Task description: Each line starting at the one that contains "Что я выиграл" and ending at the one that contains "This season, the" must be returned exactly, and the rest of the listing is left out.

Provided data:
════

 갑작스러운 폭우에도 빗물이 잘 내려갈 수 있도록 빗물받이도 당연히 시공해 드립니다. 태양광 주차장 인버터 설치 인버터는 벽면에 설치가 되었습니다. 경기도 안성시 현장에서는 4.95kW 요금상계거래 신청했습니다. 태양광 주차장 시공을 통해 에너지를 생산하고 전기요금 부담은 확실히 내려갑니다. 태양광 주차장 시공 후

════

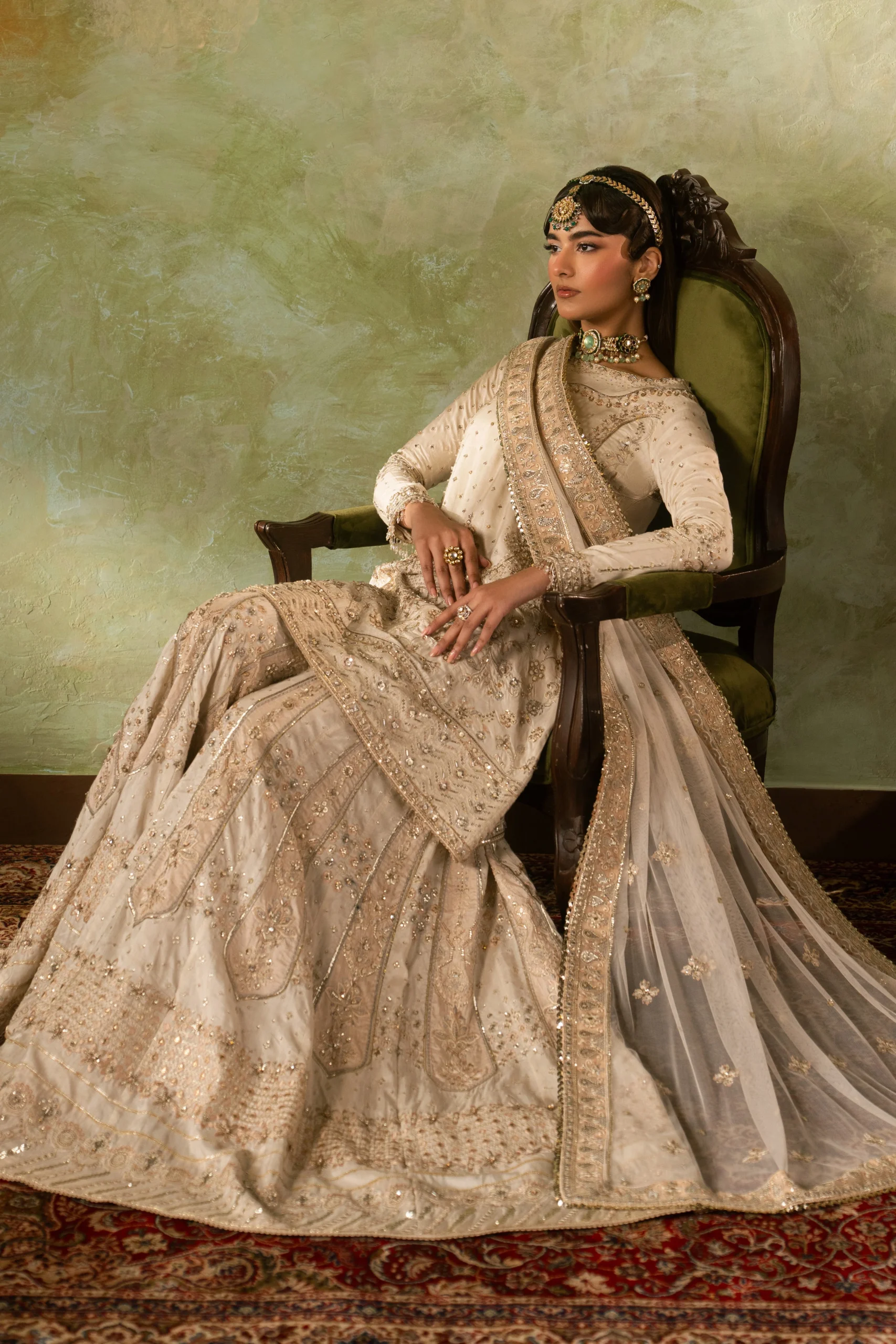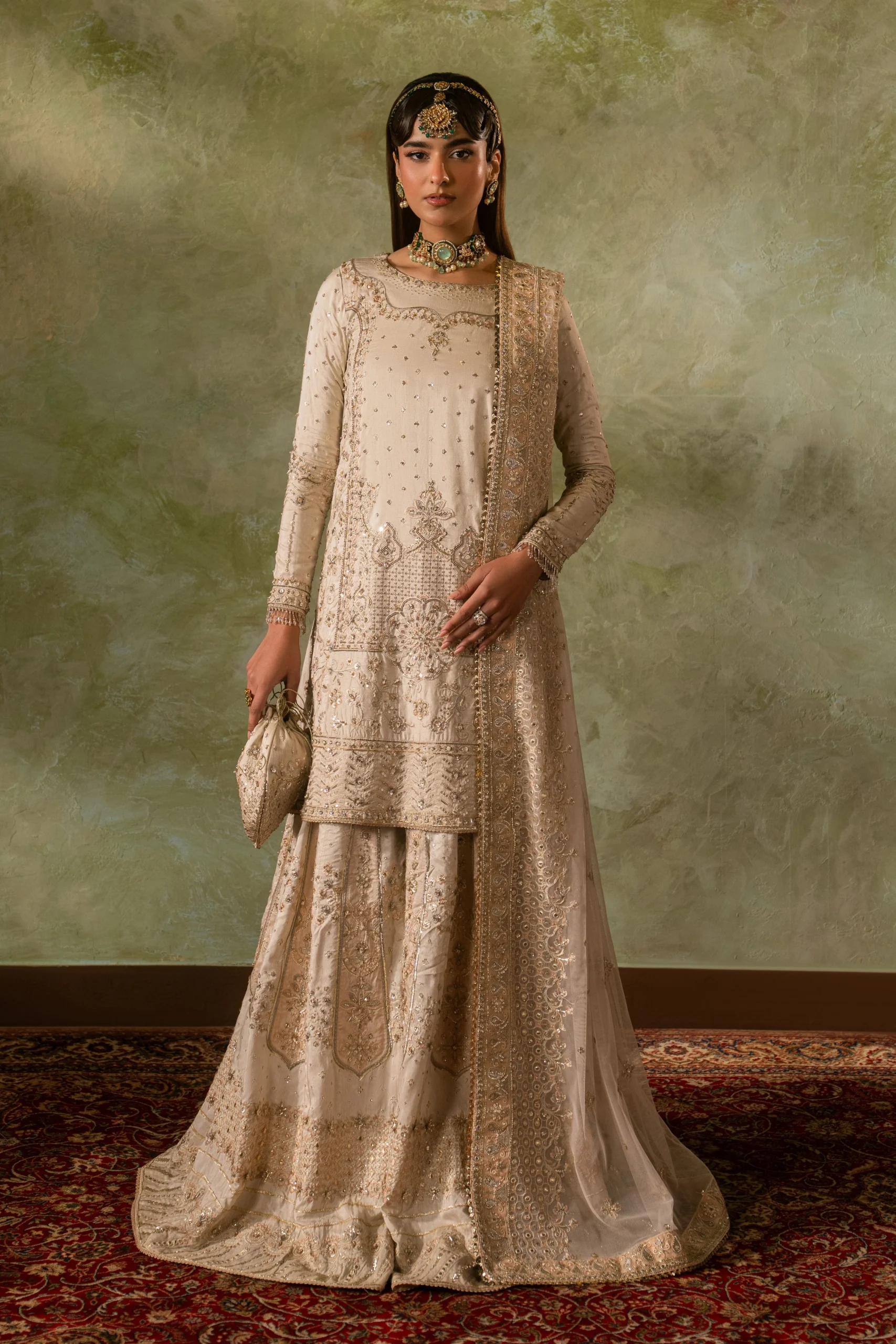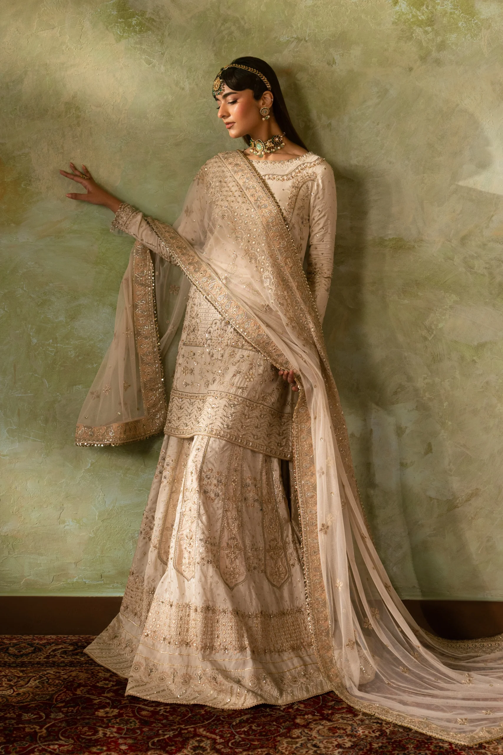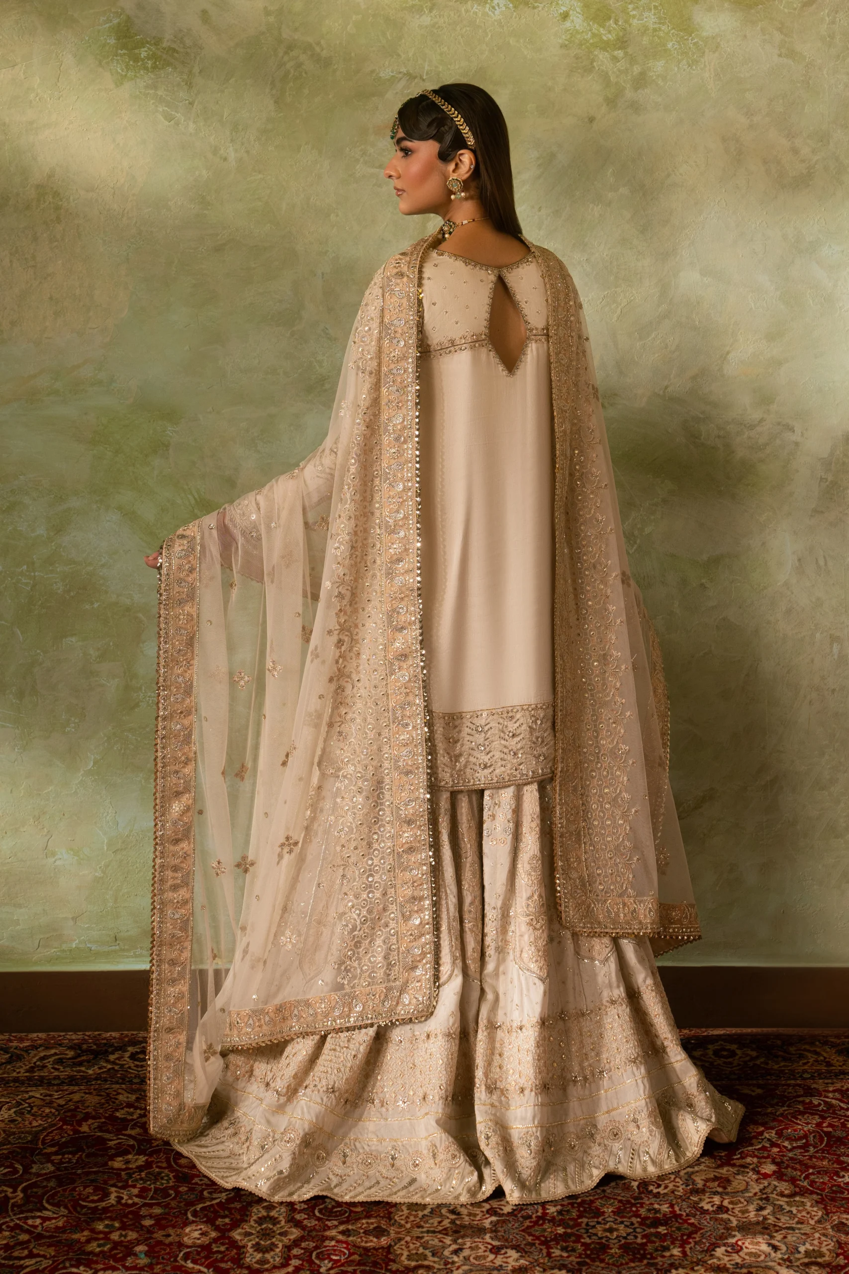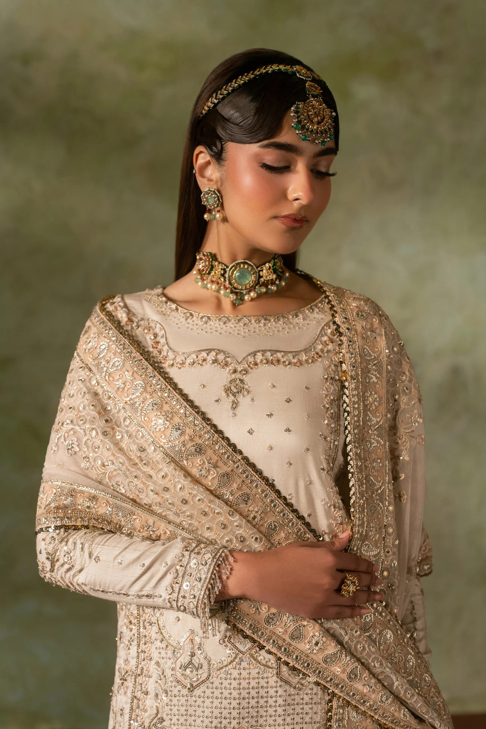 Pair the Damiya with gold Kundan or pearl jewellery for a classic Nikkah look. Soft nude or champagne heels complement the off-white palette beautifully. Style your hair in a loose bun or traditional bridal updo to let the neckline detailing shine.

════

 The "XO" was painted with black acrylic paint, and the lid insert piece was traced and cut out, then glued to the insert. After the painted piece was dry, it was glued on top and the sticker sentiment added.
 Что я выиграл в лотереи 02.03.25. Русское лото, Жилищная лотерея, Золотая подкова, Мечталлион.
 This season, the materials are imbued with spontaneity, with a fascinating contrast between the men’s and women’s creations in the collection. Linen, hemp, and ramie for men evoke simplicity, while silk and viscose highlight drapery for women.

════

Written reply:
 Что я выиграл в лотереи 02.03.25. Русское лото, Жилищная лотерея, Золотая подкова, Мечталлион.
 This season, the materials are imbued with spontaneity, with a fascinating contrast between the men’s and women’s creations in the collection. Linen, hemp, and ramie for men evoke simplicity, while silk and viscose highlight drapery for women.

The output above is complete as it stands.